Test Configuration: Intel® Core™ i9-10980XE CPU Processor at 3.00GHz with DDR4 128 GB at 3000MHz, OS: Ubuntu 20.04.3 LTS; Intel® Xeon® Gold 6338 CPU Processor at 2.00GHz with DDR4 256 GB at 3200MHz, OS: Ubuntu 20.04.3 LTS; Intel® Xeon® Gold 6430L CPU Processor at 1.90GHz with DDR5 1024 GB at 4800MHz, OS: Ubuntu 20.04.6 LTS. Testing was performed using distil-whisper-asr notebook for model export and whisper evaluation notebook for model evaluation.

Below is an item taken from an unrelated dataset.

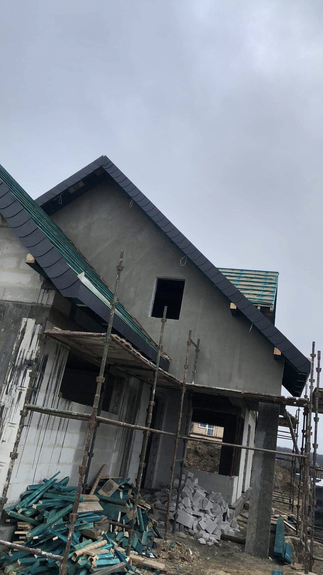 troszke się ich nazbierało a z dnia na dzień coraz więcej rzeczy zrobionych. Teraz czekamy na wyłożenie dachówki oraz przyjazd zamówionych okien. Na dole zrezygnowaliśmy z pokoju co za tym idzie powiększenie salonu na maxa z otwartą kuchnia bardzo nam zależało na takiej przestrzeni, oboje mamy duża rodzinkę i wspólnym marzeniem jest gościć wszystkich przy jednym stole gdzie można czuć się swobodnie

The test was conducted by Intel in December 2023.

Conclusion

We demonstrated how to load and run Whisper and Distil-Whisper models for audio transcription task with OpenVINO and Optimum Intel, and how to perform INT8 post-training quantization of these models with NNCF. Further we evaluated these models on a large scale speech-to-text dataset across multiple CPU devices. The evaluation results show a significant performance boost of OpenVINO vs PyTorch models without loss of transcription quality, and even a larger boost with a tolerable accuracy drop when we apply INT8 quantization.